Permanent Under-Secretary’s Steering Committee, ‘British Foreign Policy: Brief by the Foreign Office’, 26 January 1968
This long report is a briefing for the Foreigh Secretary’s forthcoming talks in Washington. It notes that the primary goal of British foreign policy is to make Britain economically strong, which was the reason for deciding to withdraw military forces from ‘East of Suez’. It continues:
“Positively, it demands that we should bend our energies to help to produce a world economic climate in which our external trade, our income from invisibles and our balance of payments can prosper. This demands that we should support and, where appropriate, initiate measures for freer and more expanded world trade, for tariff reductions, for the reduction of non-tariff barriers, for greater international liquidity and for satisfactory solutions to problems of international indebtedness, including that of the sterling balances… Although our entry into the European Communities has been blocked for the time being we must continue to develop our markets there, while increasing our efforts to open up new markets and making the best of existing opportunities elsewhere eg in Latin America, parts of the Far East such as Thailand, and indeed wherever devaluation has given us real competitive advantages. Negatively, we should for the time being adopt a ‘heads down’ attitude in regard to proposals which, however desirable in themselves, would throw a significantly greater strain upon our balance of payments, eg commodity schemes directed primarily to raise prices rather than at stability of markets”.

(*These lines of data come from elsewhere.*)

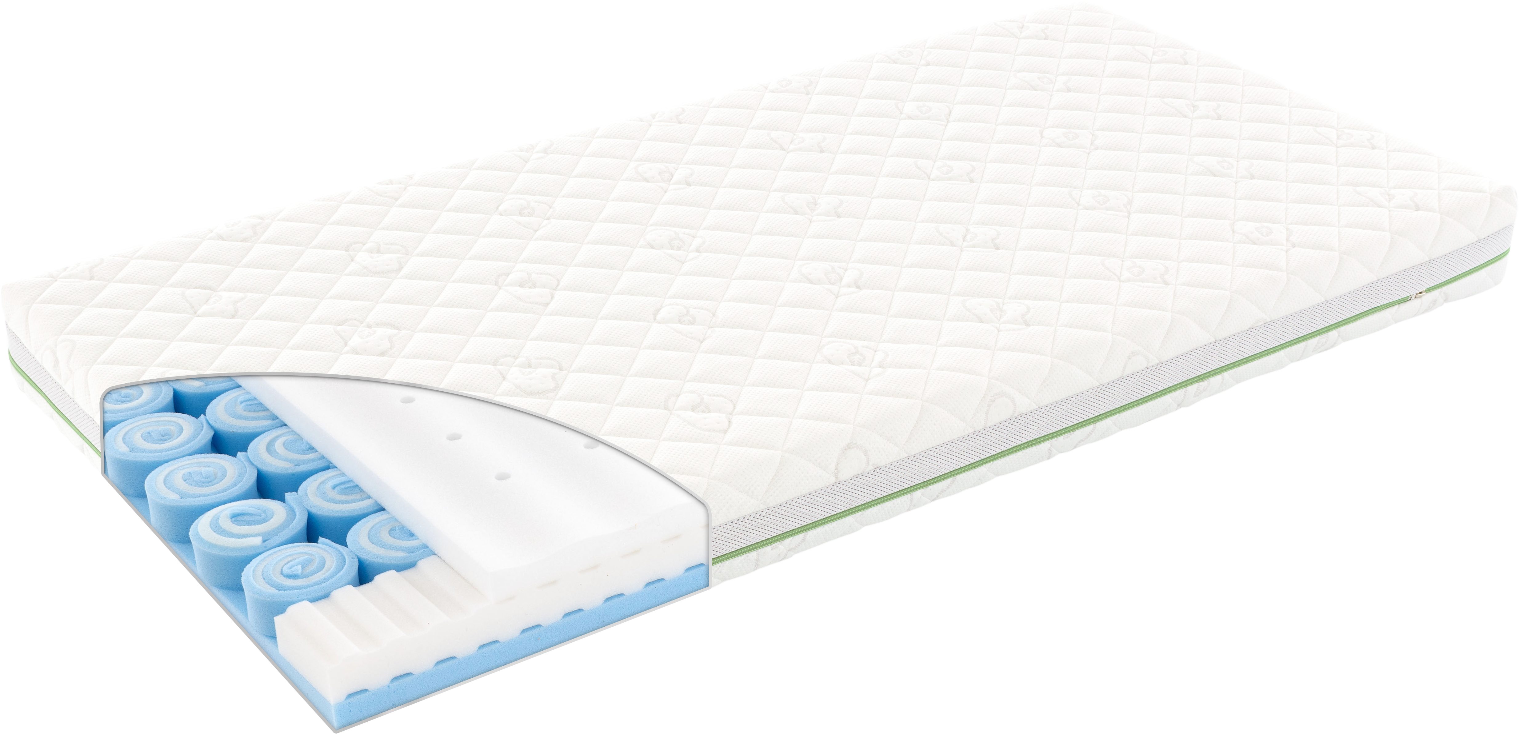 Kernaufbau | 3 cm Kaltschaum oben, 4 cm Kaltschaum Twists, 2,5 cm Kaltschaum unten (Babyseiten mit Wellenkontur, Gesamthöhe 9,5 cm, 35 kg/m3) |
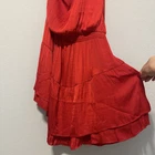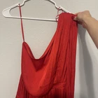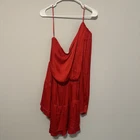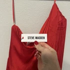 Steve Madden Women’s Zinnia Satin Red Mini Dress One Shoulder A-Line Size Large New with tags One shoulder padded long sleeve Satin material Tiered/layered dress Elastic waist Flowy, comfortable, lightweight Chest: 19 inches Waist: 14 inches Sleeve: 25 inches Summer, party, vacation, resort, college, date, beach, photos, fun, colorful, satin mini dress, holiday, Christmas, festive
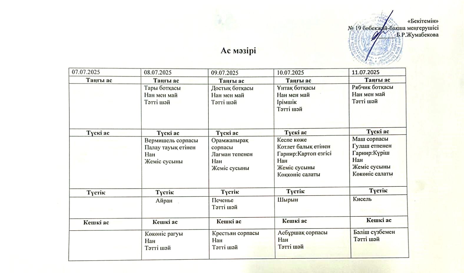 Шілде айы 2025 жыл. Бес күндік ас мәзірі » №19 бөбекжай-бақшасы
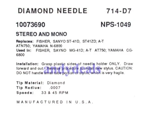NEW IN BOX TURNTABLE NEEDLE STYLUS FOR FISHER ST41D ST-41D CG8800, 714-D7, TURNTABLE STYLUS NEEDLE FOR SANYO ST41D ST-41D CG8800, 714-D7, NEW IN BOX TURNTABLE STYLUS NEEDLE FOR YAMAHA C8-8800 YAMAHA CG8800, 714-D7 Model Pfanstiehl 714-D7 Description Brand New (factory box) replacement stylus Diamond .7 mil conical tip needle Speeds: 33 & 45 RPM REPLACES needles listed below NEEDLE S ASTATIC N2577 AUDIO TECHNICA ATN-750 ATN750 CEC MM-1 MM1 RS-1 RS1 EVG PM2306D FISHER 4-1579-26980 4157926980 4-1579-29400 4157929400 ST-41D ST41D SANSUI SN-47 SV47 SN47 SANYO ST-41D ST41D ST-41ZD ST41ZD YAMAHA N-6800 N6800 CARTRIDGES AUDIO TECHNICA AT-750 AT750 CEC MG-41 MG41 PC-1 PC1 SANSUI SV-47 SANYO MG-41 ST41D ST41D ST41ZD ST41ZD MG41 YAMAHA CG-6800 CG6800 MODELS FISHER 2500 2600 6000 8000 8001 8002 ACS146 ACS132 ACS146 ACS221 ACS280A ACS365 ACS365 ACS370 ACS400 MMT640 MMT650 MT640 MT650 MT6410 MT6420 SYSTEM200 SYSTEM220 SYSTEM250L SYSTEM350 SYSTEM350L SYSTEM75A SYSTEM200 SYSTEM220 SYSTEM250L ACS112 ACS118 ACS122 ONKYO PX-55F PX55F
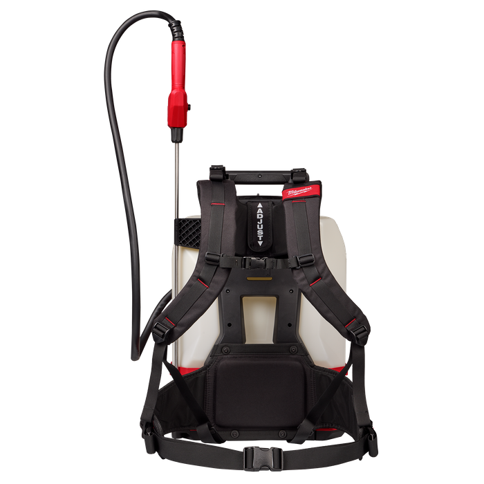 capability to complete a wide range of applications. Paired with an M18™ REDLITHIUM™ 5.0Ah Battery (sold separately), the Sprayer can discharge 40 tanks of spraying per charge (on Mode 3). The 15 Litre Chemical Sprayer Tank Assembly features a dual diaphragm pump for long pump life and Viton® seals for durability against harsh chemicals. The Sprayer Tank has an optimised design with improved weight distribution, a wide mouth opening for easy pouring, measuring cup, and a strainer that filters debris from getting into the tank. The Backpack Powered Base includes padded straps, lumbar support, and a hip belt, providing comfort during extended spraying applications. The 15 Litre Chemical Sprayer is made up of two components, the M18™ SWITCH TANK™ Powered Base and the 15 Litre Chemical Sprayer Tank Assembly (also available separately as 491619PS). The Powered Base includes the motor, battery compartment, and REDLINK™ electronics, while the interchangeable Tank Assembly includes the pump, hose, and wand. This isolated pump, hose, and wand design allows users to add on tank assemblies for different spraying applications, eliminating cross-chemical contamination. The Powered Base is also compatible with the 15 Litre Water Supply Tank Assembly (491619WS).
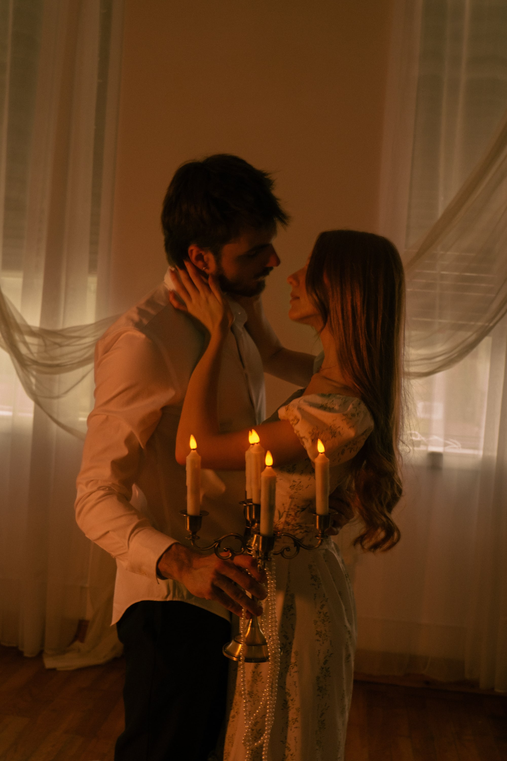 Warm candlelight, an antique piano, and the quiet tension between a pianist and his muse. Every frame carries the weight of something unspoken — the kind of session where the camera simply captures what was already there.
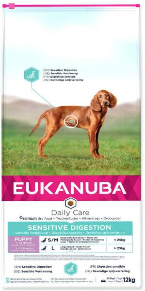 Eukanuba Daily Care Puppy Sensitive Digestion 12kg - TermékleírásAz EUKANUBA Daily Care friss csirkehússal érzékeny emésztőrendszerű kölyökkutyáknak kifejezetten az érzékeny gyomrú kutyák számára lett kifejlesztve. A könnyen emészthető rizs jelenlétének köszönhetően az eledel alternatívát kínál a különleges táplálkozási igényű kölyökkutyák számára. Az eled
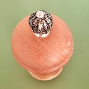this is a hand made item. urn was made in the 2010s but the metal lid top is vintage. small split in the wood. urn was given to me as a gift by the artist but has never been used.
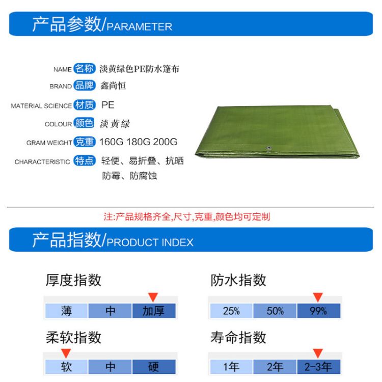產(chǎn)品介紹淡黃綠色PE防水篷布產(chǎn)品參數(shù)淡黃綠色PE防水篷布PE材質(zhì)雙面防水,面料升級,防雨不漏水,防曬抗老化,有效隔離水珠,做工精良使用···
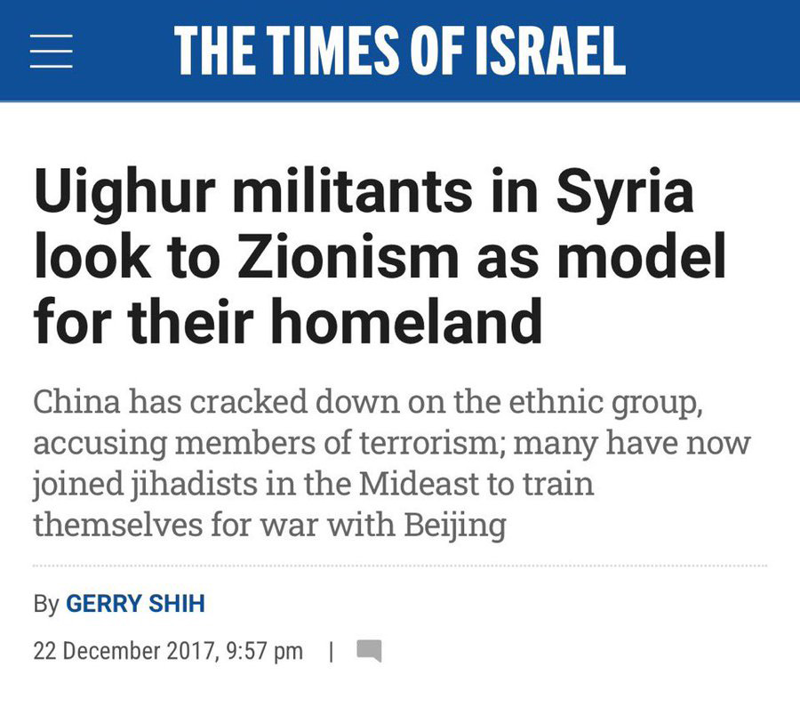 Chinese officials and Western analysts alike say that the Uighurs’ experience in the Syrian jihadi melting pot will likely exacerbate violence against “soft” targets outside China. China’s foreign ministry called the Turkistan Islamic Party a security threat for the Middle East. Uighur militants in Syria look to Zionism as model for their homeland, Times of Israel
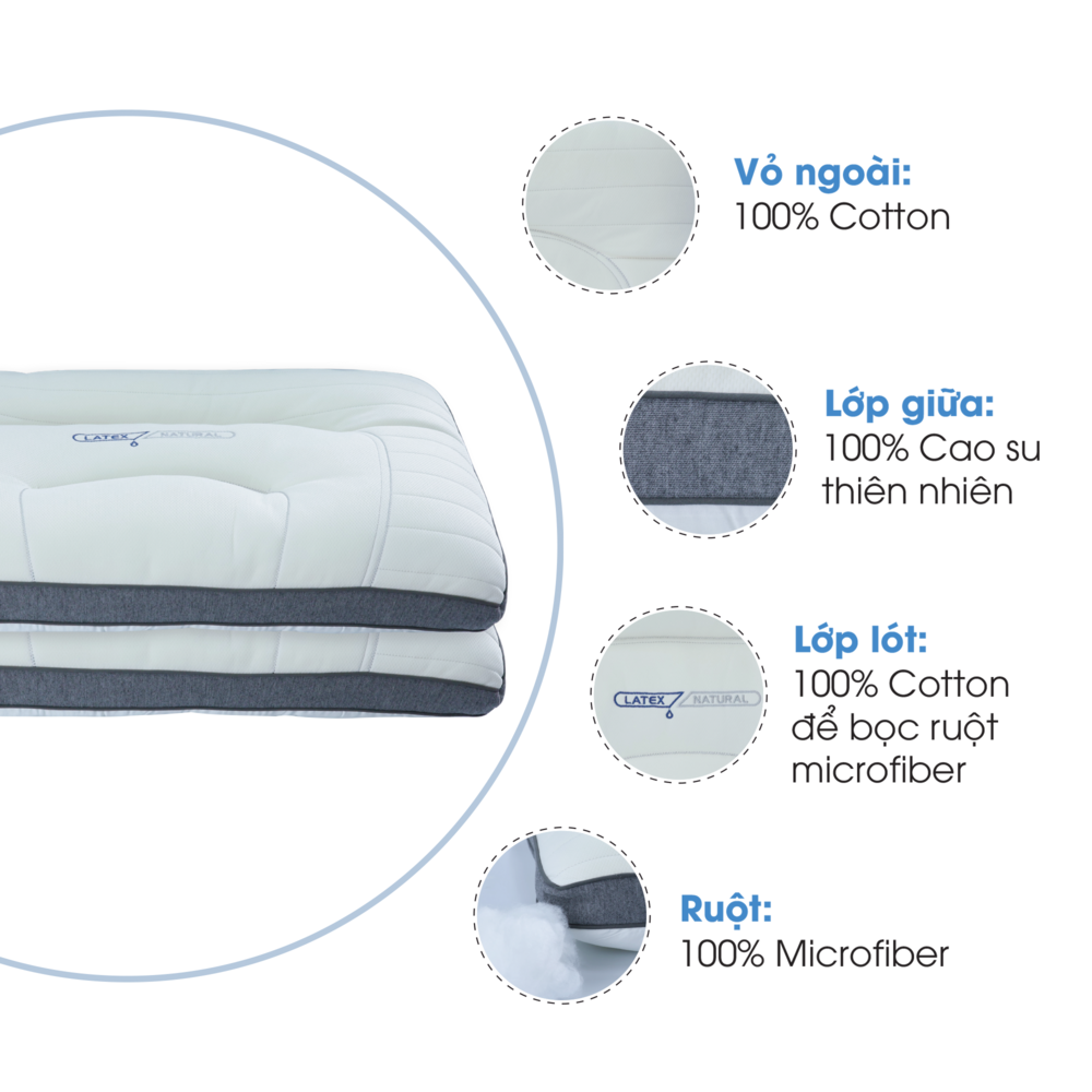 - Ruột: 100% Microfiber Ưu điểm của gối chức năng Functional Natural Latex Pillow NIN House chăm sóc vai gáy cổ
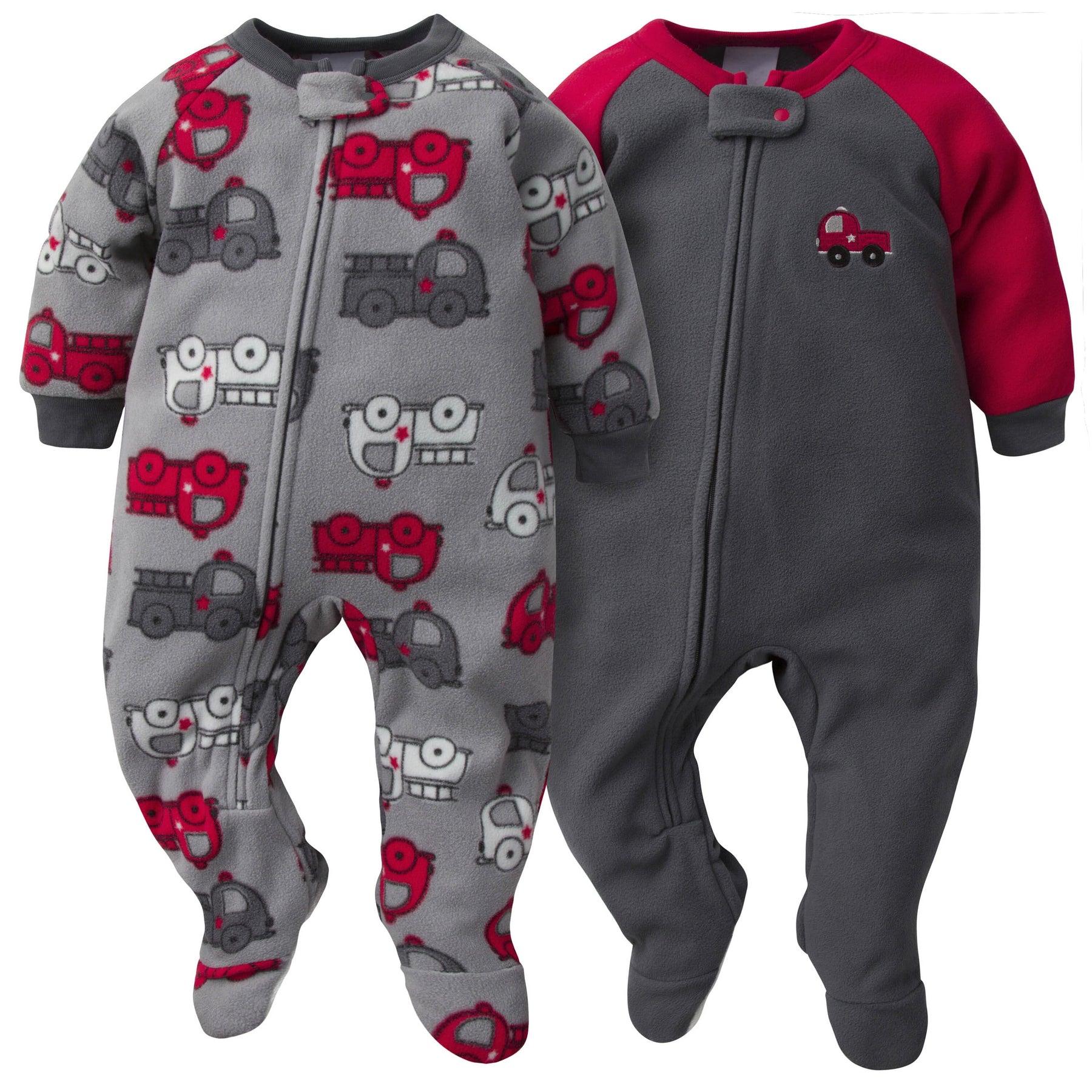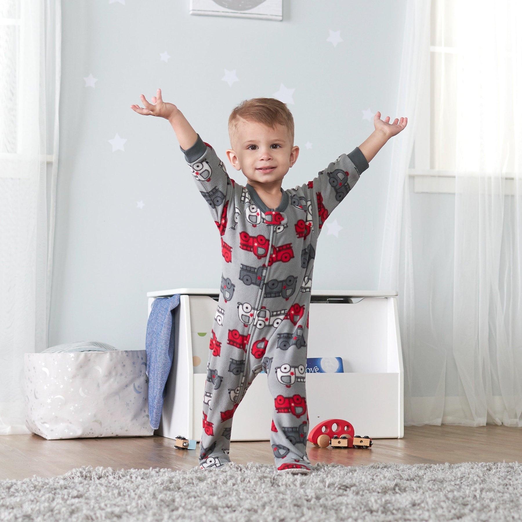 • Baby sizes (0-3M - 24M) feature a soft, safety snap atop the zipper to keep your little one comfy all night. Toddler sizes do not. Features soft & fleecy, flame-resistant fabric to keep your little one snuggled & warm. Give our baby pajamas & toddler pajamas as a thoughtful baby shower gift to be loved.

“We should work to harmonise US and European policies but so long as the objectives are in harmony we need not be shy about forward on the merits of the case different means of attaining them… We must ensure that our aid programme supports not only the developmental needs of recipient countries but also our own commercial and foreign policies… Wherever possible we should try to shape our aid programme to fit more appropriately the pattern of our trade and investment interests in different countries”.
Source: National Archives, FCO 49/13
The most significant thing about this foreign policy assessment is how unremarkable it is. It is a general statement of ‘minding our interests’ as the basis of foreign policy which any developed nation at any time in its history would espouse. How could it be otherwise? Does anyone seriously expect that a foreign policy statement would ‘we should be nice to others because we want to be known as nicer people’?